What do you think? Because the real ending to the story hinges on the answer to that question.
November 20, 2011
Thanks For the Memories
Thanksgiving is the the quiet, pastoral younger sibling to that jubilant, festive darling, Christmas. There’s a calmness surrounding Thanksgiving, like a deep breath before the whirlwind of the approaching holiday. I look out my window at the bare tree branches and gray sky and snapshots of Thanksgivings past roll through my mind.
The smell of turkey baking, the Thanksgiving parade on the TV (whether anyone’s watching it or not) followed by the Lion’s game (we may actually watch it this year), and the sound of Christmas music (Thanksgiving is the first official day of listening to Christmas music here, although every year someone tries to cheat and listen to it earlier). These are the traditions that have woven the background of Thanksgiving celebrations since my childhood, but every year has a unique flavor all it’s own.
When I was very young, we would spend Thanksgiving at my grandparent’s home. I can remember the heavy, unreadable stare of my grandpa during the meal. I didn’t realize it then, but the stare was one of amusement because my eating habits fascinated him. None of the food on my plate could touch, much less mix with any other food (making gravy verboten). I ate one thing at a time until it was finished, then I would turn my plate to the next item and eat that until it was gone. I continued in this way until the plate was empty or I came to something I wouldn’t eat. As our family grew, I was a relieved to add a child’s table in another room and be out of his range of vision.
Another snapshot takes place when I was in high school. Thanksgiving was celebrated at our house and we used the good china. I remembered that I just wanted to be alone, so I offered to do all the dishes myself (By hand. It was the good china after all). My family and our guests disappeared. The snapshot is yellowed and fuzzy, but I think I see a few tears trickling down the face of a teenager enjoying a solitary wallow in her angst. I know I broke one of the china coffee cups. My daughter inherited the china, and you can see the hairline crack on a cup handle that was glued back together.
The next snapshot is taken a few years later in the first apartment my husband and I shared in upstate New York. He worked third shift so we were often up before dawn.

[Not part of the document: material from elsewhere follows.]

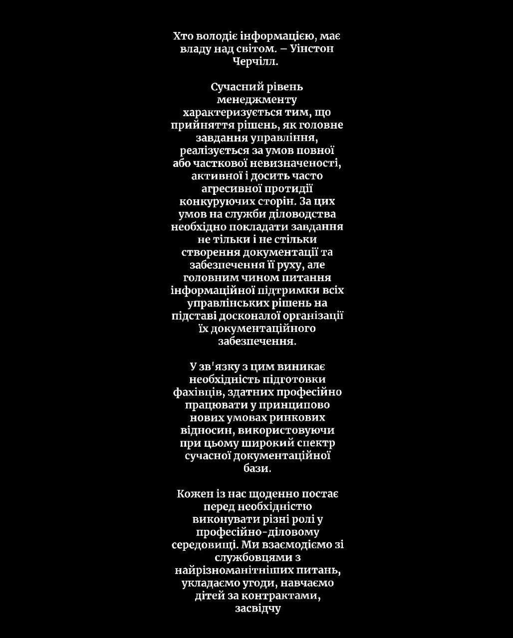 Хто володiє інформацією, мой володіє світом. Уiнстон Черчiлл Сучасний рівень менеджменту характеризується тим що прийняття рішень як головне завдання управління реалізується за умов повної або часткової невизначеності активної досить часто агресивної протидії конкуруючих сторін. За цих умов на служби діловодства необхідно покладати завдання не тiльки i не стільки створення документації та забезпечення її руху але головним чином питання інформаційної підтримки всіх управлінських Рiшень на підставі досконалої організації їх документацiйного забезпечення. У зв'язку з цим виникає необхідність підготовки фахівців здатних професійно працювати у принципово нових умовах ринкових відносин використовуючи при цьому широкий спектр сучасної документаційної бази. Кожен із нас щоденно постає перед необхідністю виконувати рiзнi ролi у професійно-діловому середовищі ми вашу роботу спілкуємося зі службовцями з найрізноманітніших питань укладаємо угоди навчаємо дітей за контрактами засвідчуємо у нотаріуса довіреності декларуємо в податковій інспекції свої прибутки. Як не розгубитися в купі паперів як правильно скласти потрібний документ як влучно дібрати слово чи вислів нарешті як швидко знайти правило за яким пишеться потрібне слово? Найважливішу інформацію про складання й оформлення різних типів документів ви можете отримати, навчаючись на спеціальностi. Підбором інформації обробкою й оформленням документiв сьогодні А спеціально підготовлений для документознавець інформаційний аналітик.

I remember going out for a walk on a frosty Thanksgiving morning before the sun came up. We went back to the apartment and I prepared a magnificent Thanksgiving feast: a twenty pound turkey (literally), a gallon of mashed potatoes and three pumpkin pies. I was used to cooking for seven people and I couldn’t seem to make the adjustment to cooking for two. I couldn’t understand why the potatoes looked untouched at the end of the meal. I was sure my husband hadn’t eaten enough, and I kept asking him if he wanted more potatoes. He declined and pointed out that two people would not make much of a dent in a meal prepared for seven.
The next snapshot is more of a feeling than an image. We moved to Ohio (both of our families lived in Michigan) and had the first grandchild on both sides. Suddenly holidays were not as enjoyable as they had been. There were more responsibilities and schedules to determine. Would we go back to Michigan or was someone planning to come to Ohio? What time would be spent with my family? What time spent with his? The list went on and on…
I finally told our families that Thanksgiving was our holiday. We were spending it alone at our own home. Nobody really minded; it made it easier for everyone else too. Once again I found the peace of Thanksgiving.
After we’d lived back in Michigan for a few years, I had my parent’s over for Thanksgiving, because they were in the midst of moving and didn’t have a refrigerator at the time. We were in the middle of the meal, and suddenly my dad said in astonishment, “Hey, Dawne. This stuffing is really good.” Who knew I had it in me?